Others spoke of the New World Order (a secret cult of world power brokers) or the Bilderberg Boys (a theory that liberal leaders intent on building a new world order first convene at the Netherlands-based Bilderberg Hotel), tying these ideas to Obama and Hillary Clinton. The Democratic leaders, they told me, are national puppets assigned to do the evil bidding of international conspirators.
Still other rumors focused on local disasters (Was Homeland Security behind the Boston marathon bombing?) or fearsome trends. “A lot of Muslims are crossing the border disguised as Mexicans,” I was told. “They’re buying up gas stations. What if they won’t deliver gas? How could we drive to work?” Some rumors were offered solemnly, others lightly. Referring to the New World Order, one man concluded “anyhow, that’s my little conspiracy theory.”
However international in scope, such rumors served to bind the small abiding communities in which they rapidly circulated. It was something else they shared as well as fear — the anxiety of feeling far from the center of power.
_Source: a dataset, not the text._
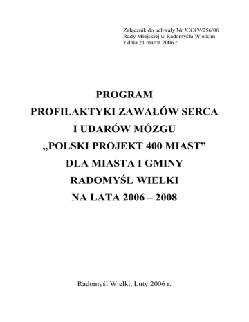 Załącznik do uchwały Nr XXXV/256/06 Rady Miejskiej w Radomyślu Wielkim z dnia 21 marca 2006 r. PROGRAM PROFILAKTYKI ZAWAŁÓW SERCA I UDARÓW MÓZGU „POLSKI PROJEKT 400 MIAST” DLA MIASTA I GMINY RADOMYŚL WIELKI NA LATA 2006 – 2008 Radomyśl Wielki, Luty 2006 r. WSTĘP Gmina Radomyśl Wielki we wrześniu 2005 roku zdeklarowała przystąpienie do ogólnopolskiego programu zdrowotnego pod nazwą Polski Projekt 400 Miast, będącego integralnym elementem Narodowego Programu Leczenia chorób sercowo – naczyniowych, którego koordynatorem z ramienia Ministra Zdrowia jest Akademia Medyczna w Gdańsku. Choroby układu krąŜenia są głównym problemem zdrowotnym w Polsce. Badania epidemiologiczne wykazują, Ŝe z powodu zawałów, chorób wieńcowych i udarów mózgu umiera około 3 krotnie Polaków więcej niŜ w krajach Unii Europejskiej. Dzieje się tak mimo sukcesów w zakresie poprawy standardów leczenia i profilaktyki a takŜe kultury zdrowotnej społeczeństwa. Poprawiają się wskaźniki zdrowotne, ale poprawa dotyczy przede wszystkim społeczności duŜych aglomeracji, o lepszej sytuacji ekonomicznej, lepszej świadomości w zakresie profilaktyki, zwalczania i zapobiegania tym chorobom. Szczegółowe badania wykazują, Ŝe najgorsza sytuacja epidemiologiczna dotyczy: - mieszkańców małych miast i wsi, - osób o niŜszym niŜ średni statusie ekonomicznym i społecznym, - męŜczyzn w średnim wieku. ZAŁOśENIA: Współczesne badania z zakresu zdrowia wskazują nie tylko na związek procesu rozwoju chorób cywilizacyjnych z występującymi czynnikami ryzyka takimi jak palenie tytoniu, współwystępujące choroby (cukrzyca, zaburzenia lipidowe), alkohol, stres czy rodzaj wykonywanej pracy. Wskazują one takŜe na źródła efektywności realizowanych programów profilaktyki chorób i promocji zdrowia. Z licznych badań wynika, Ŝe podstawowym warunkiem sukcesu realizowanego programu zdrowotnego, jest udział w nim społeczności do której jest on skierowany. Efektem interwencji społecznej ma być podniesienie świadomości znaczenia czynników ryzyka i zmniejszenie częstości ich występowania. Niniejszy program jest adresowany zarówno do osób zdrowych jak i do cierpiących na choroby układu krąŜenia i ma na celu propagowanie zdrowego stylu Ŝycia. Jego celem jest przede wszystkim zachęcanie do rzucenia palenia tytoniu, podejmowania aktywności i zdrowego odŜywiania. Niektóre działania są juŜ realizowane i przynoszą poŜądane efekty. Organizowane są kursy gotowania propagujące zdrowe Ŝywienie, które cieszą się duŜym zainteresowaniem kobiet. 2 W szkołach organizowane są Targi Zdrowej śywności, Szkoła Podstawowa w Rudzie i Gimnazjum Publiczne w Radomyślu Wielkim otrzymały certyfikat przyjęcia do Mieleckiej Powiatowej Sieci Szkół i Placówek Promujących Zdrowie. Gimnazjum w Radomyślu Wielkim uczestniczyło ponadto w pilotaŜowym programie dla dzieci i młodzieŜy organizowanym przez Instytut śywności i śywienia oraz Instytut Kardiologii pod tytułem „Szansa dla Młodego serca”. Przykładów jest duŜo więcej a uchwalony program pozwoli na usystematyzowanie działań wszystkich podmiotów na terenie gminy skupionych wokół głównego problemu zdrowotnego jakim są zawały serca i udary mózgu. I. OGÓLNA CHARAKTERYSTYKA MIASTA I GMINY RADOMYŚL WIELKI. 1. Charakterystyka demograficzna: /dane na 31.12.2005r./ 1) Liczba mieszkańców Gminy – 13 845 w tym miasta –2930 2) Sytuacja demograficzna: Kobiety: MęŜczyźni: - liczba kobiet i męŜczyzn 6950 6895 - liczba dzieci i młodzieŜy do lat 19 2132 2148 - liczba osób w wieku 20 – 64 lat 3741 4121 240 100 - liczba osób w wieku 80 lat i więcej 3) Liczba urodzonych: Liczba zgonów: - 2001r. 175 123 - 2002r. 173 132 - 2003r. 165 112 - 2004r. 165 110 - 2005r. 161 125 4) Liczba rodzin niepełnych – 72, posiadających 3 i więcej dzieci – 703. 5) Liczba mieszkańców z wykształceniem*: a/ niepełnym podstawowym – 469 b/ ukończonym podstawowym – 3652 c/ zasadniczym zawodowym – 3505 d/ średnim – 1849 e/ policealnym – 133 f/ wyŜszym – 409 * - statystyka nie obejmuje dzieci i młodzieŜ do 16 roku Ŝycia – 3828 osób. 3 2. Charakterystyka epidemiologiczna. W 2005 roku na terenie miasta i gminy zmarło 125 osób z tego w mieście 18 a na wsiach 107 osób. Przedział wiekowy osób zmarłych przedstawia się następująco: 18 – 40 lat- 3 osoby, 41 – 65 lat 18 osób, powyŜej 65 lat 104 osoby. Przyczyny zgonu: 46 %- choroby układu krąŜenia, 54 %- pozostałe. Główne przyczyny hospitalizacji na podstawie skierowań wydanych przez tutejsze Niepubliczne Zakłady Opieki Zdrowotnej to: - choroby układu krąŜenia- 41 %, - pozostałe, w tym urazy, złamania -59 %. 3. Sytuacja bytowa mieszkańców w 2005 roku: 1) Liczba mieszkańców otrzymujących stały zasiłek z pomocy społecznej – 24, 2) Liczba osób otrzymujących zasiłek okresowy z pomocy społecznej – 294, 3) Liczba osób korzystających z zasiłków celowych i w naturze – 397, 4) Liczba osób korzystających z renty socjalnej – 114, 5) Liczba osób bezrobotnych – 961 w tym z prawem do zasiłku 83, 6) Liczba rodzin pobierających świadczenia rodzinne- 1414, 7) Liczba dzieci korzystających z doŜywiania dofinansowywanego przez GOPS – 1267. II. ZASOBY MIASTA I GMINY DLA WDRAśANIA PROGRAMU „PP 400M”. 1.Instytucje wdraŜające załoŜenia PP 400 M: 1) Rada Miejska i Urząd Miejski, 2) Gminny Zespół Ekonomiczno -Administracyjny Szkół, 3) Gminny Ośrodek Pomocy Społecznej, 4) Samorządowe Centrum Kultury i Bibliotek, 5) Bank Spółdzielczy, 6) placówki oświatowe: - 10 szkół podstawowych z terenu gminy, - Gimnazjum Publiczne, - Zespół Szkół w Radomyślu Wielkim, 7) 2 Niepubliczne Zakłady Opieki Zdrowotnej, 8) Organizacje Pozarządowe: - Stowarzyszenie „Nasza Gmina”, 4 - Stowarzyszenie Ochotniczych StraŜy PoŜarnych, - Stowarzyszenie Ludowych Klubów Sportowych, - Towarzystwo

What predisposes people to believe such rumors? Political scientists J. Eric Oliver of the University of Chicago and Thomas J. Wood of Ohio State University conducted a series of national surveys on this question between 2006 and 2011. They found that those who accepted “conspiratorial narratives” were likely to be less educated and to work in jobs with lower prestige and income. Another scholar found believers to be more likely than others to feel unsafe walking home at night in their own neighborhoods, and to live, generally speaking, with more fear.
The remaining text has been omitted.